Logistic Regression:

  • Residuals are binomial
  • Model predicts probability of Y = 1 (\(\pi\)). Link function is logit (or log-odds; A transformation of these predicted probabilities).
    • \(ln(\frac{\pi}{1-\pi}) = b_0 + b_1X_1 + ... + b_kX_k\)
    • It is still a linear (on \(X\)) model

Logs and Exponentials

You are likely familiar with logs using base 10.

log10(10)
[1] 1
log10(100)
[1] 2
log10(1000)
[1] 3
log10(1)
[1] 0
log10(15)
[1] 1.176091
log10(0)
[1] -Inf
log10(.1)
[1] -1

The natural log (often abbreviated ln) is similar but uses base \(e\) (approx 2.718) rather than base 10.

log(2.718282)
[1] 1
log(10)
[1] 2.302585
log(1)
[1] 0
log(0)
[1] -Inf

The inverse of the natural log is the exponential function: exp().

  • This function simply raises \(e\) to the power of \(X\) (whatever value you provide).
  • Logistic regression uses natural logs and exponentials for the transformations that connect \(\hat{Y}\) with \(X\)s.
exp(1)
[1] 2.718282
exp(2)
[1] 7.389056
exp(0)
[1] 1
exp(-1)
[1] 0.3678794

This is the model we are fitting for logistic regression.
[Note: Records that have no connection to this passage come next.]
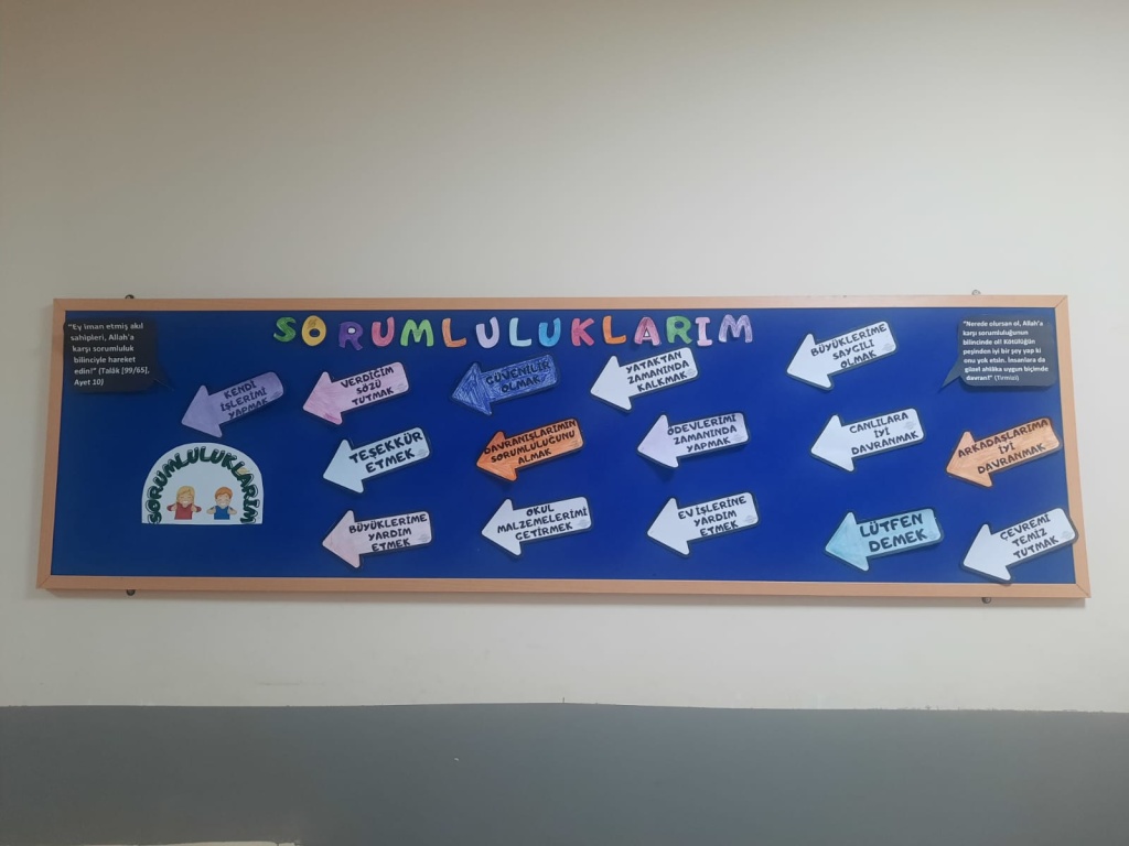 Ögrencilerimizin bireysel ve toplumsal sorumluluklarının farkına varmalari ve sorumluluk bilinclerini gelistirebilmeleri amaciyla pano çalışması yapılmıştır.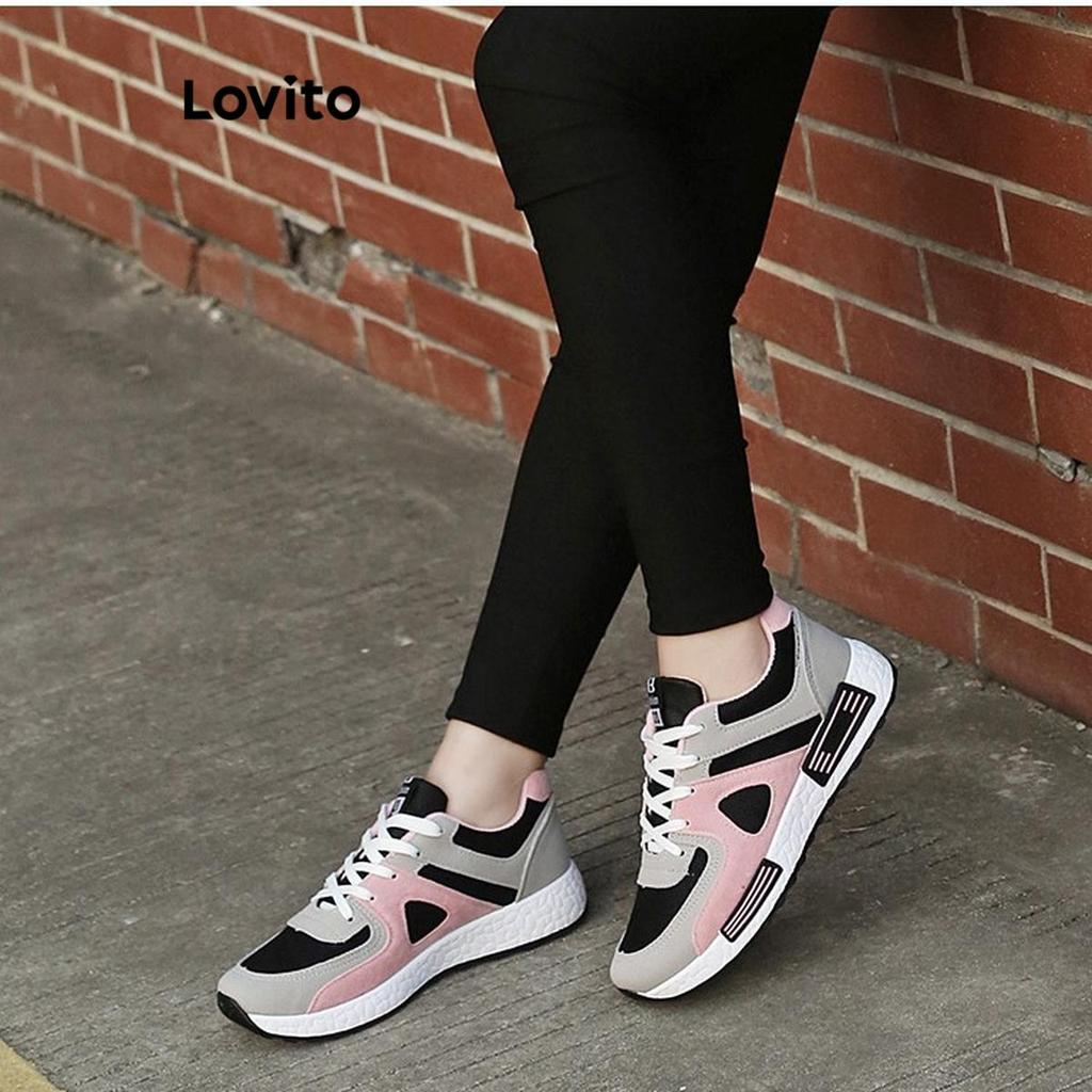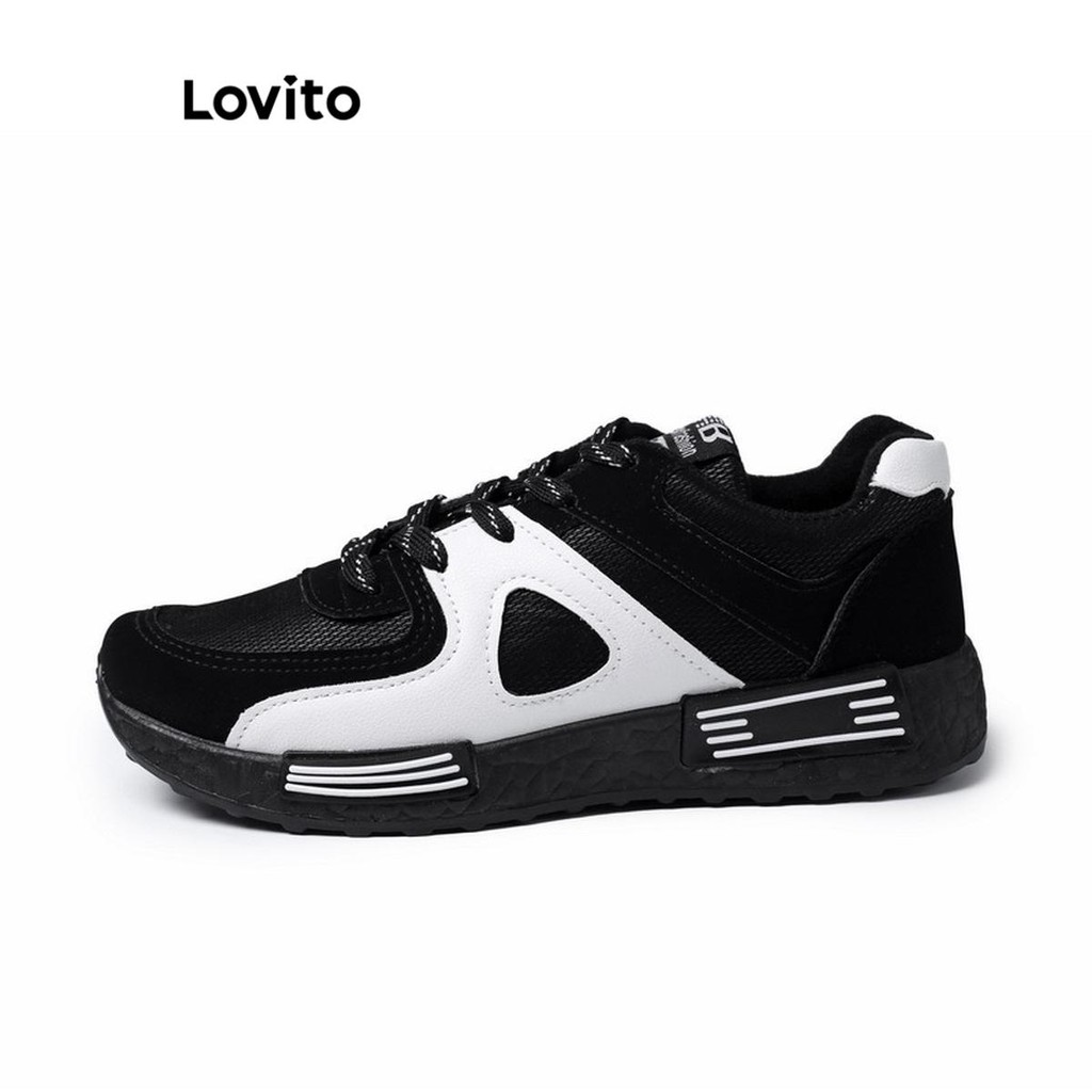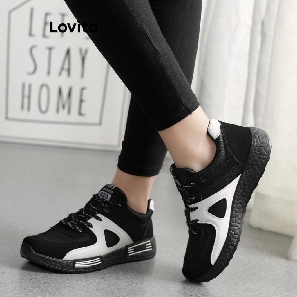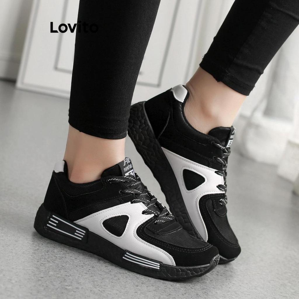 Lovito Esporte Simples Versão Coreana Preto E Branco Cor Combinando Respirável Sapatos Largos Tênis Para Mulher LFA67310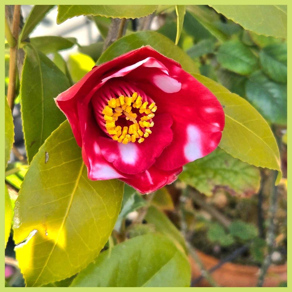 赤に白い斑が入った椿、きれいだね。
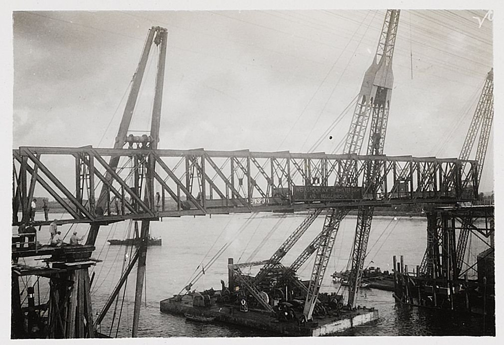 Verkeersbrug over de Waal in aanbouw,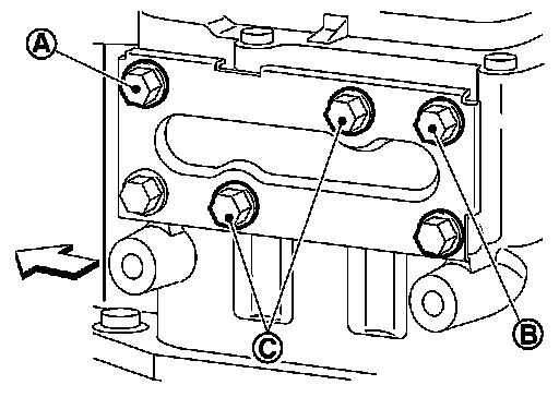 and (B) shown in the figure for positioning purpose before tightening two center bolts (C). After this, tighten four remaining bolts.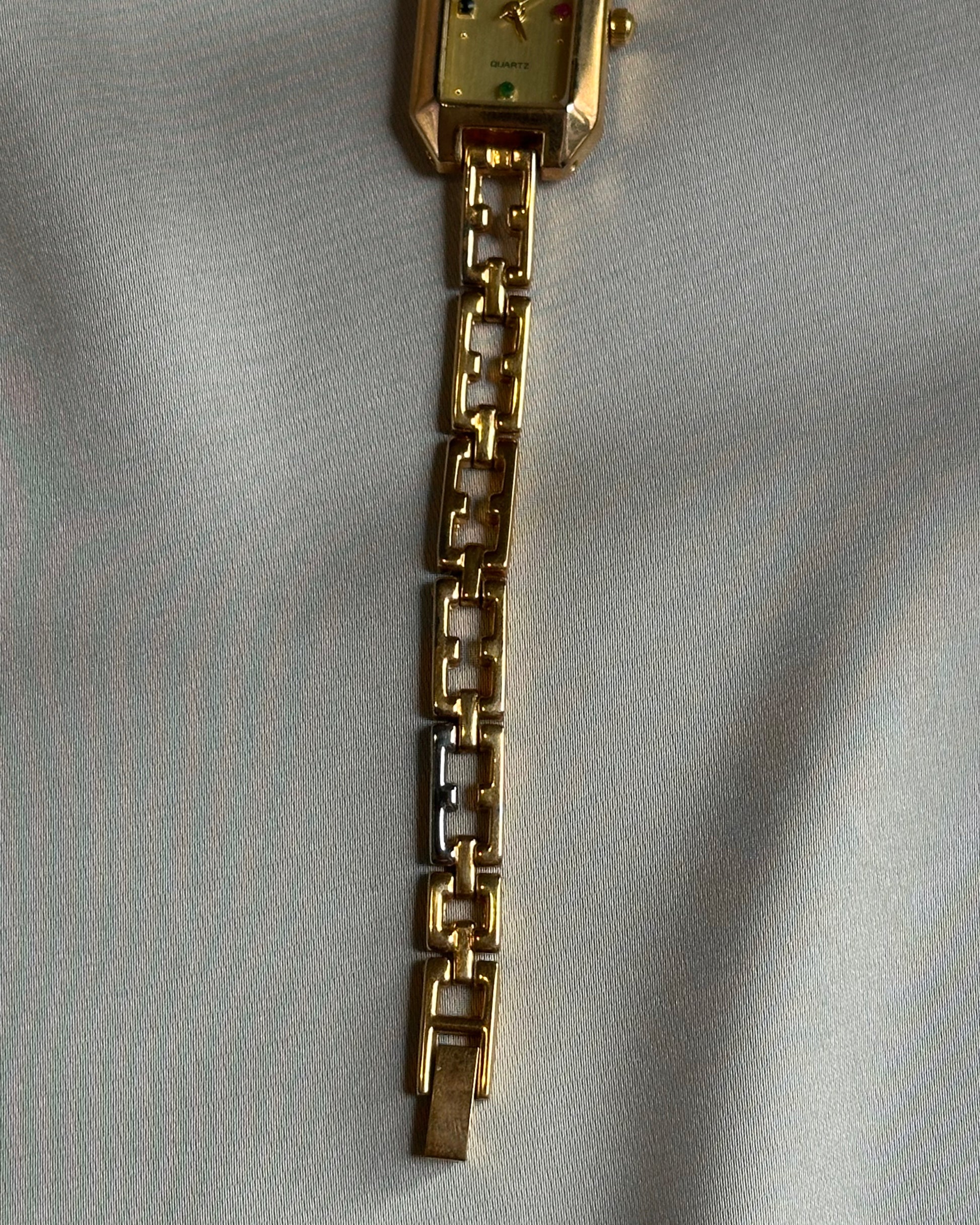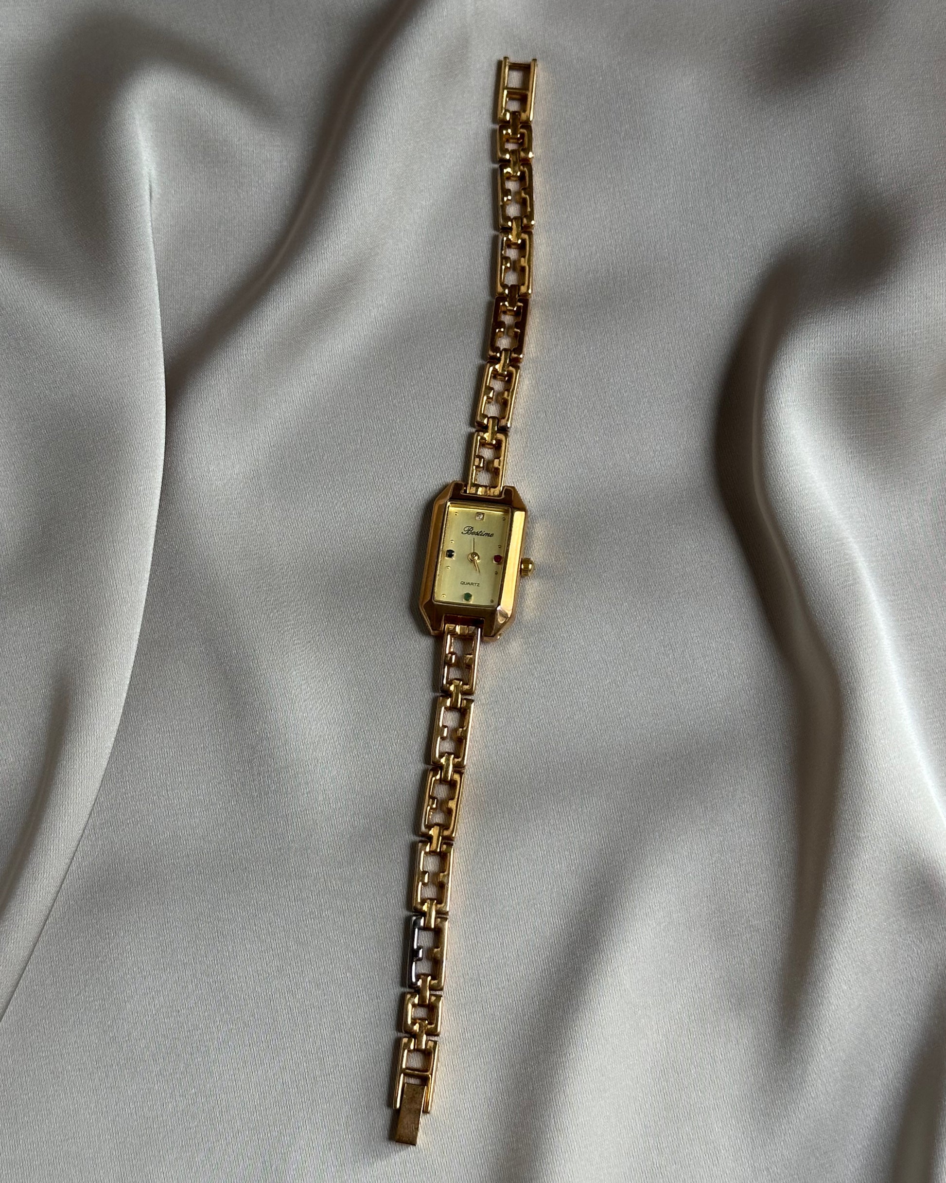 This vintage creation showcases a sleek rectangular dial framed in warm gold, its face accented by minimalist hour markers set with colored gem-like details in red, green, and dark blue. The clean design is paired with a geometric gold-tone bracelet, adding a refined architectural element that feels both modern and nostalgic.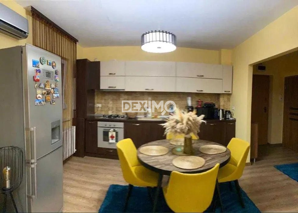 Deximo va prezinta spre vanzare un apartament modern si spatios in suprafata de 68 mp, 2 camere decomandate, situat in Zona Tomis Plus, parter inalt, bloc de 5 etaje, compartimentat astfel : living, hol, bucatarie open space, dormitor, grup sanitar, balcon generos. La interior dispune de finisaje moderne si se vinde mobilat si utilat complet dupa cum se poate vedea in fotografii, dotat cu centrala pe gaze. Exista posibilitatea achizitionarii unui loc de parcare la pretul de 5 000 Euro.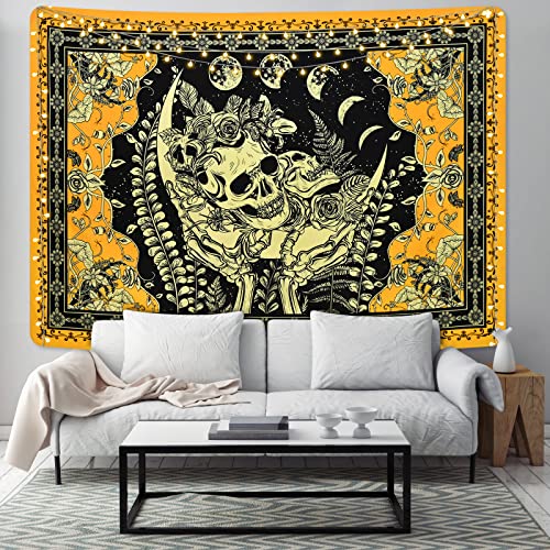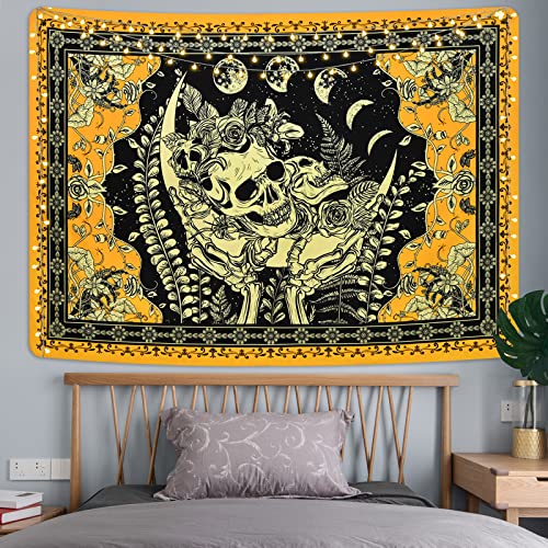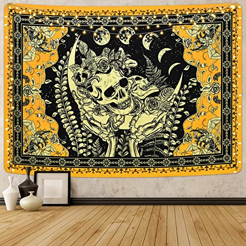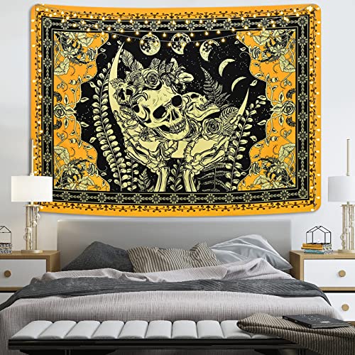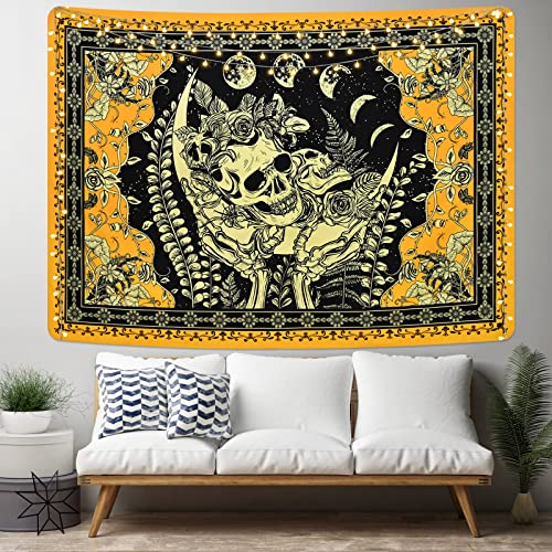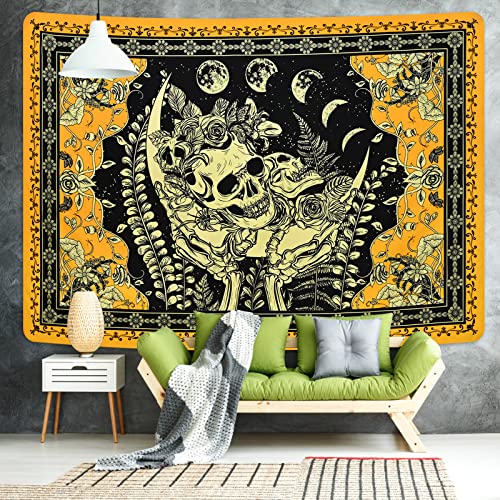 Skull Floral Skeleton Tapestry Tarot Moon Phase Wall Decor

  • \(ln(\frac{\pi}{1-\pi}) = b_0 + b_1X_1 + ... + b_kX_k\)


We can manipulate the formula to isolate \(\pi\) on one side such that it predicts the probability (\(\pi\)) of \(Y = 1\) as a function of \(X\)s.

  • \(\pi = \frac{e^{b_0 + b_1X_1 + ... + b_kX_k}}{1 + e^{b_0 + b_1X_1 + ... + b_kX_k}}\)
  • \(\pi\) = \(\frac{1}{1 + e^{-(b_0 + b_1X_1 + ... + b_kX_k)}}\)
  • This is often how we will use the model for prediction (and plots)
  • Probability is non-linear on \(X\) (as we saw in the previous plot)
m_glm |> tidy()
# A tibble: 2 × 5
  term        estimate std.error statistic  p.value
  <chr>          <dbl>     <dbl>     <dbl>    <dbl>
1 (Intercept)   -14.5      1.51      -9.62 6.65e-22
2 gpa             4.12     0.433      9.51 1.85e-21

\(\pi\) = \(\frac{1}{1 + e^{-(14.5 + 4.1*X_1)}}\)

Logistic regression (and all generalized linear models) can accommodate multiple \(X\)s.

  • \(\pi = \frac{1}{1 + e^{-(b_0 + b_1X_1 + ... + b_kX_k)}}\)

But lets consider simple (one \(X\)) logistic regression to understand what the intercept and parameter estimates for \(X\) tell us about the probability of \(Y\).

  • \(\pi = \frac{1}{1 + e^{-(b_0 + b_1X_1)}}\)

Over the next several slides, we will work through variations of \(b_0\) and \(b_1\) to understand how they affect the shape and location of the logistic function.

\(b_0 = 0\); \(b_1 = 0\)

  • No relationship between \(X\) and \(\pi\). \(\pi\) is always .5.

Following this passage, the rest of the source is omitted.